Шрифт:
Интервал:
Закладка:
Дверь отворилась, и ввели нового арестанта, один вид которого заставил Уинстона похолодеть. Судя по внешности, это был обыкновенный техник или инженер. Поражала и пугала в нем необычайная худоба лица. Оно походило на череп скелета, обтянутый кожей. Рот и глаза казались непомерно большими, а взгляд незнакомца таил в себе неутолимую, смертоносную ненависть ко всему миру.
Арестант уселся на скамью неподалеку от Уинстона. И хотя Уинстон больше не смотрел на него, иссохшее, искаженное мукой лицо продолжало стоять перед глазами. И вдруг ему все стадо ясно: этот человек умирал с голоду! Очевидно, почти в тот же миг это поняли и все другие. По рядам сидящих на скамье прошло едва заметное волнение. Взор толстяка без подбородка остановился на лице скелета, потом виновато ушел в сторону, потом, словно завороженный, опять потянулся к нему. Вскоре толстяк начал беспо-койно ерзать на месте. Наконец не выдержал, встал, неуклюже переваливаясь прошел через всю камеру и, вытащив из кармана комбинезона кусок хлеба, протянул скелету.
Из телескрина раздался неистовый, оглушительный рев. Человек без подбородка даже подскочил от неожиданности и замер на месте. Заключенный, походивший на скелет, быстро спрятал руки за спиной, очевидно, для того, чтобы все видели, что он отказался от подарка.
– Бамстед! – проревел телескрин. – 2713, Бамстед Дж! Бросьте хлеб!
Человек без подбородка выронил ломоть хлеба.
– Не сходите с места! – раздалась следующая команда. – Повернитесь лицом к двери! Не двигайтесь!
Заключенный повиновался. Его большие сумчатые щеки неудержимо дрожали. Дверь с грохотом распахнулась и на пороге появился молоденький офицерик. Когда он отошел в сторону, из-за его спины выступил вперед невысокий, кряжистый охранник с непомерно широкими плечами и с громадными ручищами. Он остановился перед арестантом, затем, по знаку офицера, размахнулся и, подавшись всем телом вперед, ударил человека без подбородка прямо в зубы. Сила удара была такова, что заключенного, как вихрем, смело с ног. Прокатившись через всю камеру, его тело стукнулось об основание унитаза и остановилось.

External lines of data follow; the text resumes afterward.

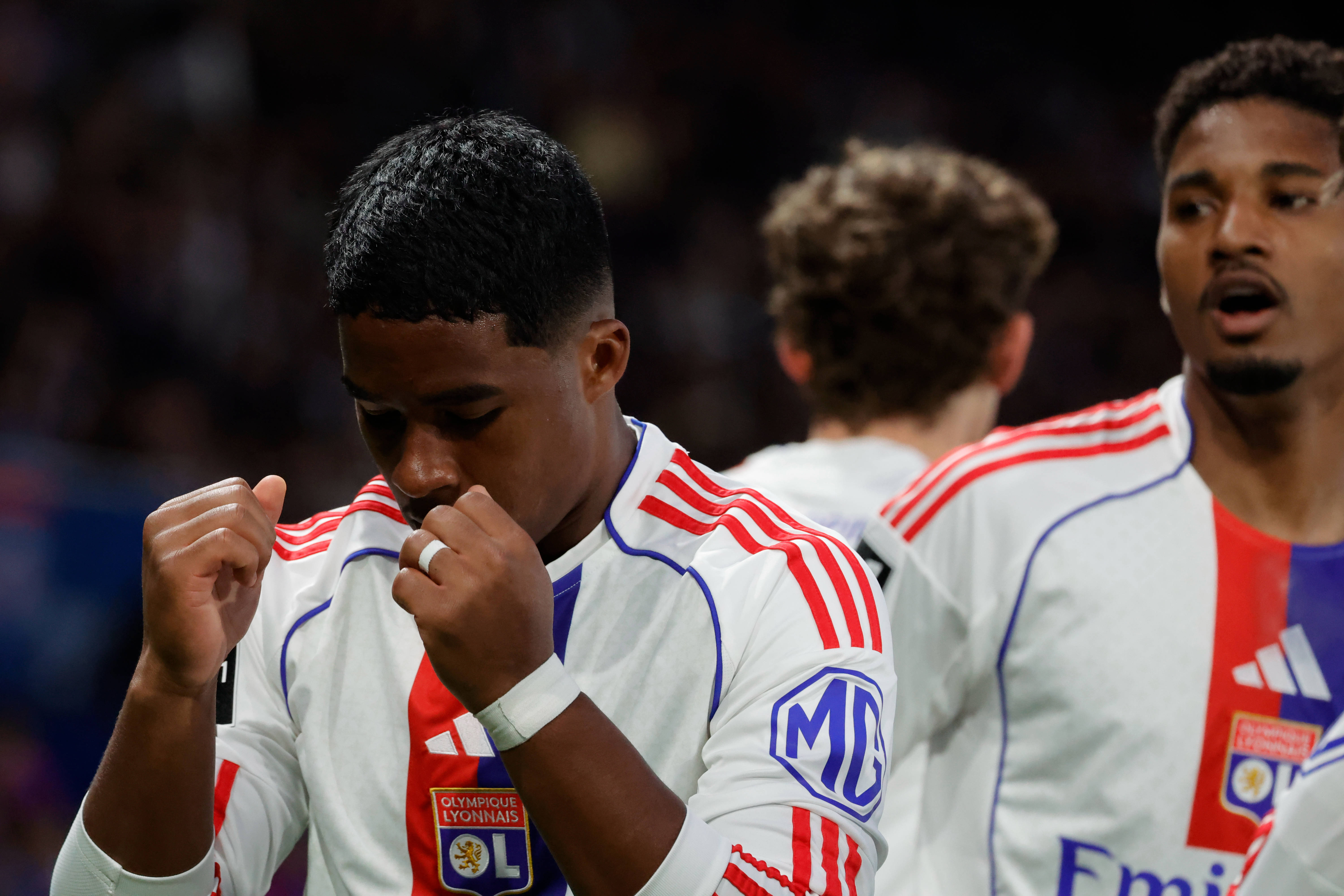 4月19日,里昂队球员恩德里克在进球后庆祝。 新华社发(亨利·施瓦茨摄)
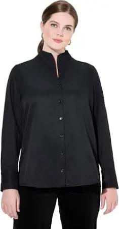 Damen große Größen Übergrößen Plus Size Bluse, Oxford-Gewebe, Kelchkragen, Langarm schwarz 50+ 808495100-50+
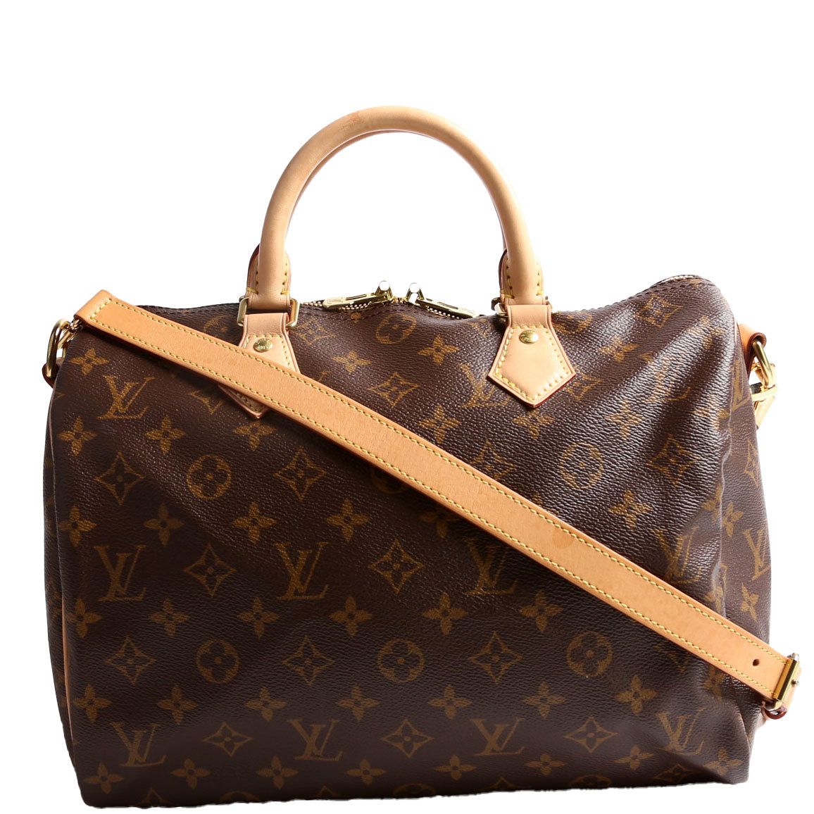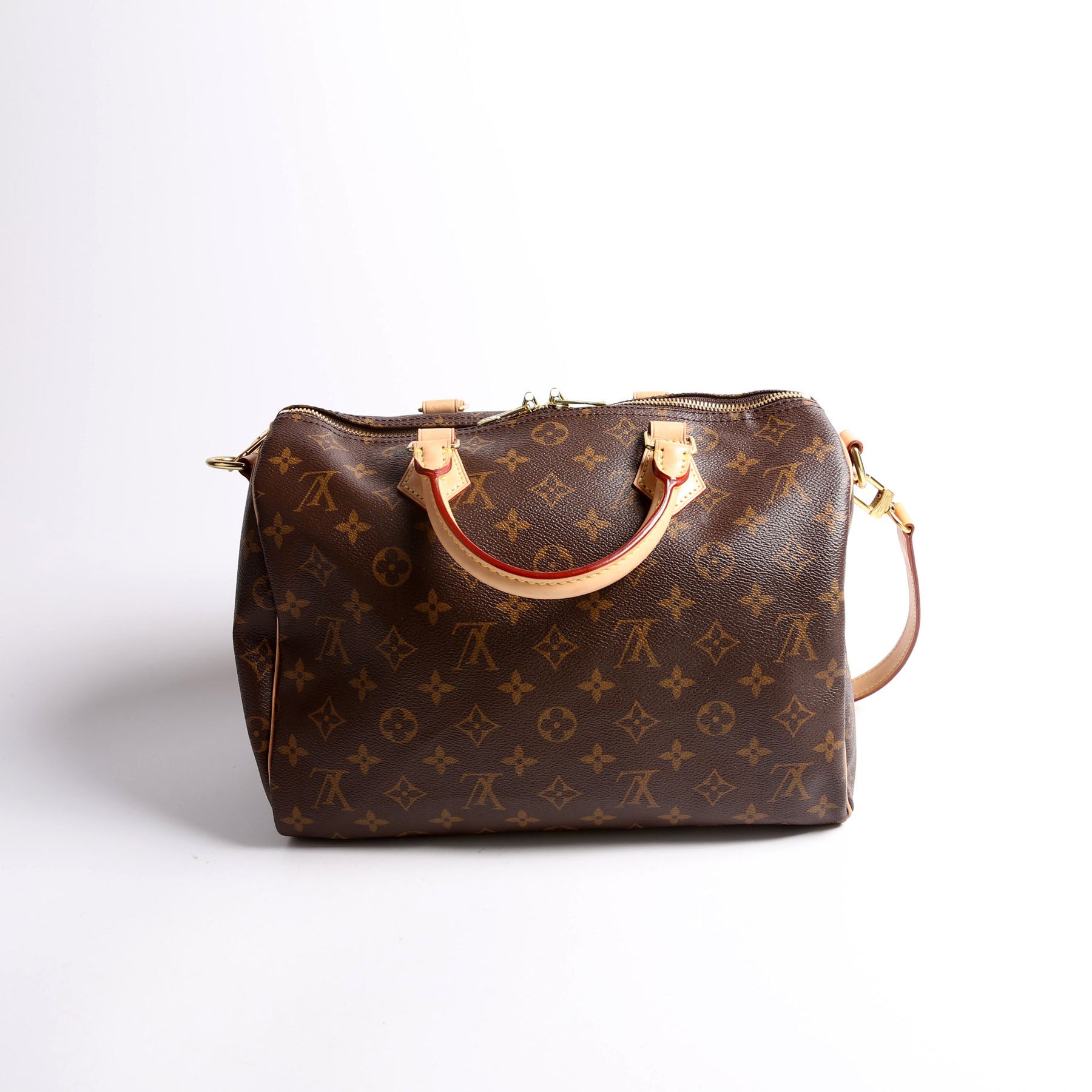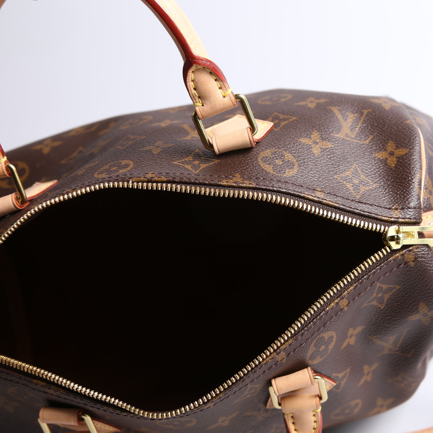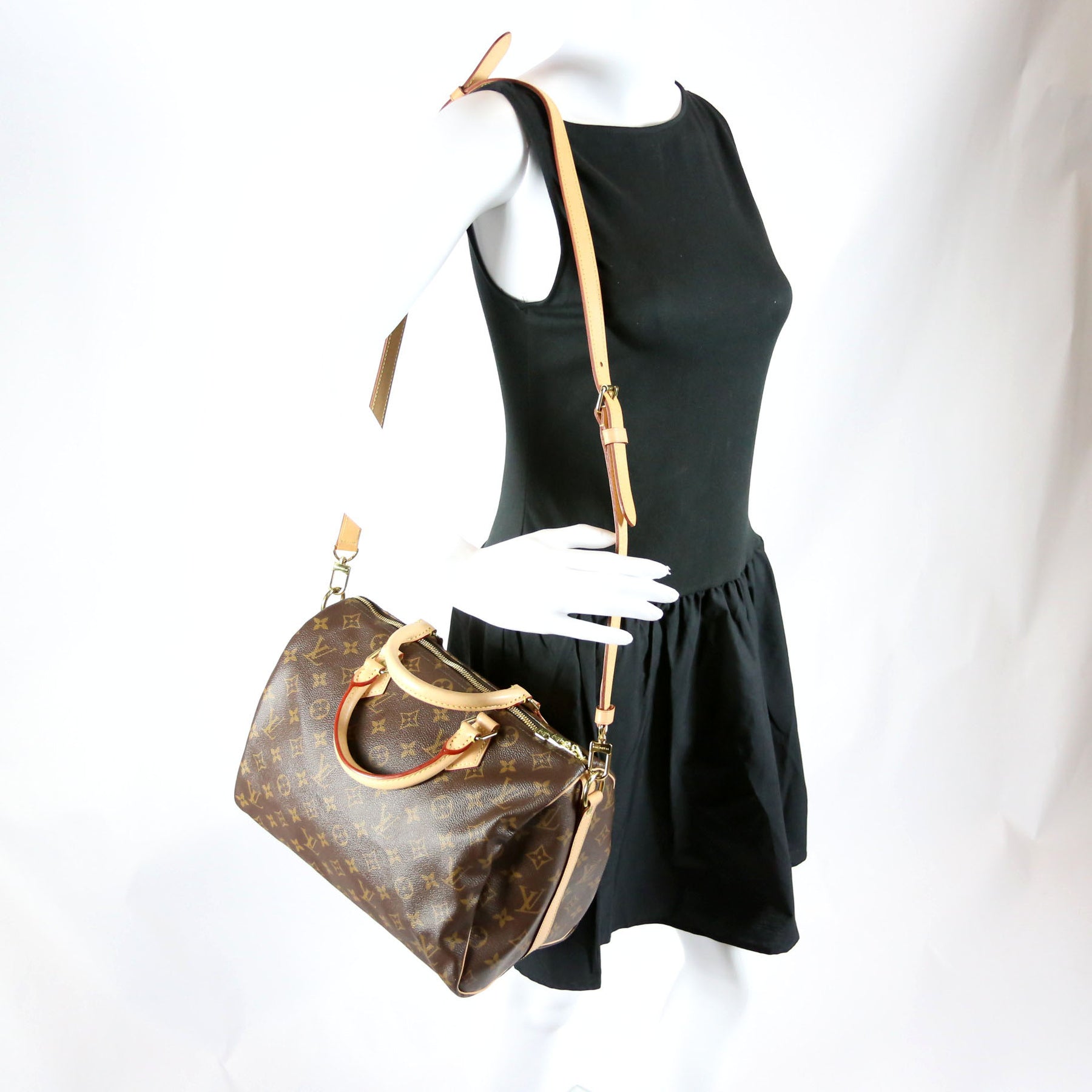 This pre-owned Louis Vuitton Speedy 30 with a strap is guaranteed 100% authentic. The exterior is in the classic Monogram canvas.
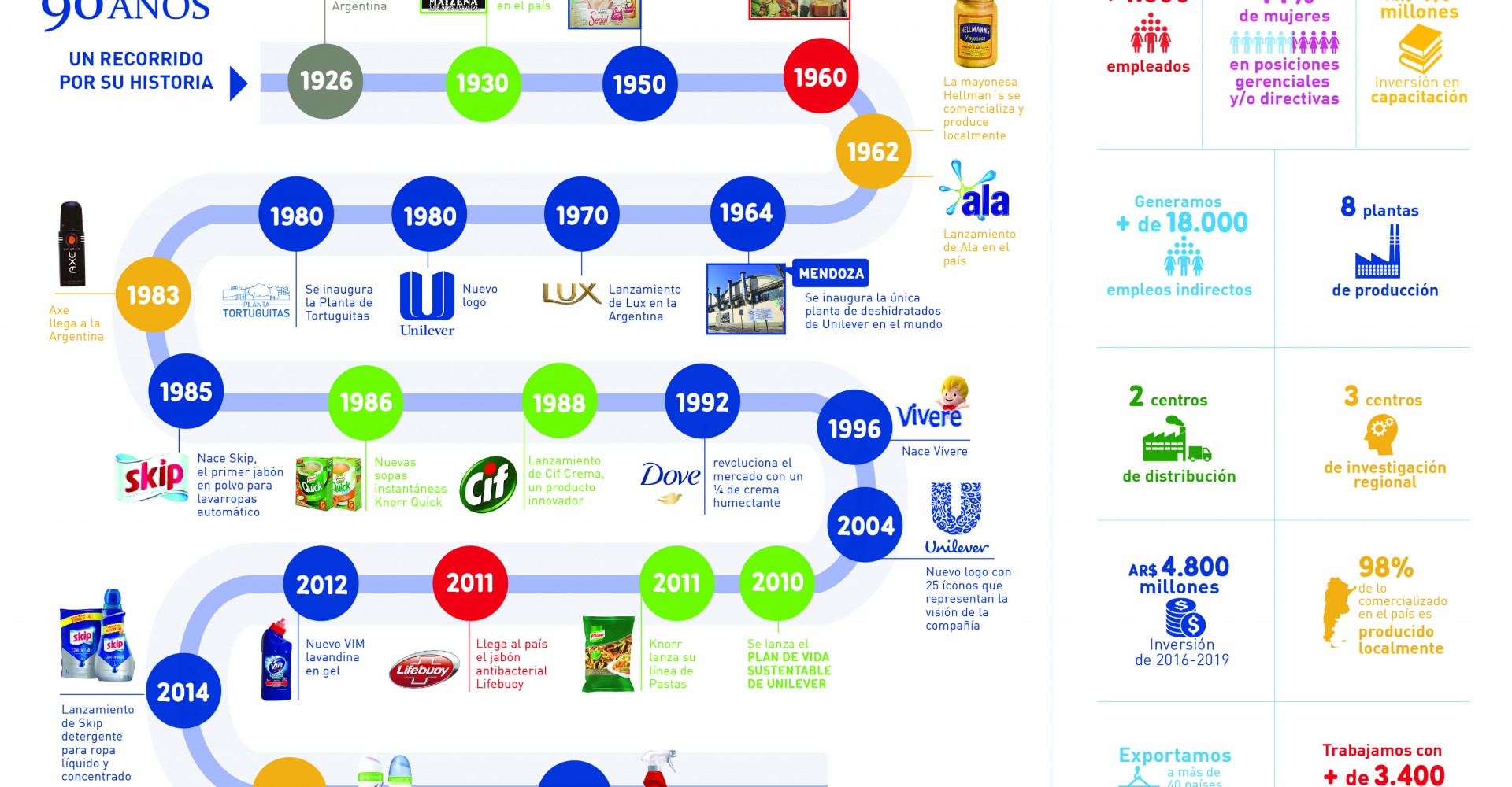 Han pasado 90 años, y a lo largo de todo este tiempo Unilever continúa brindando los mejores productos de la mano de reconocidas marcas, pensando siempre en innovar y en responder a las necesidades de un consumidor cada día más exigente.

С минуту, видимо оглушенный, он лежал не двигаясь, в то время как из носа и изо рта у него медленно сочилась темная кровь. Не то легкий стон, не то всхлипывание непроизвольно вырвалось у него из груди. Потом он перевернулся на живот и, покачиваясь, как пьяный, неуверенно встал на четвереньки. Вместе с потоком крови и слюны изо рта у него выпали две половинки искусственной челюсти.
Арестанты сидели совершенно неподвижно, скрестив на коленях руки. Человек без подобродка кое-как добрался до своего места. Одна сторона его лица начала быстро темнеть. Рот превратился в бесформенную вишнево-красную массу, посередине которой чернела дыра. Время от времени на грудь стекали капли крови. Серые глаза еще более виновато, чем прежде, перебегали от лица к лицу, словно он старался угадать, насколько другие арестанты презирают его за унижение.
Дверь опять открылась. Коротким движением руки офицер указал на человека с лицом скелета
– В 101-ую камеру! – приказал он.
Сбоку от Уинстона кто-то судорожно всхлипнул и рванулся с места. Человек-скелет буквально рухнул на колени, с мольбой простирая руки к офицеру.
– Товарищ офицер! Товарищ офицер! – застонал он. – За что вы посылаете меня туда? Разве я не сказал вам уже все? Что вы еще хотите знать? Нет ничего на свете, в чем я не признался бы. Только скажите, что вам нужно, и я сейчас же все признаю. Напишите это, напишите, и я подпишу! Все, что вам угодно, подпишу! Только не в 101-ую камеру!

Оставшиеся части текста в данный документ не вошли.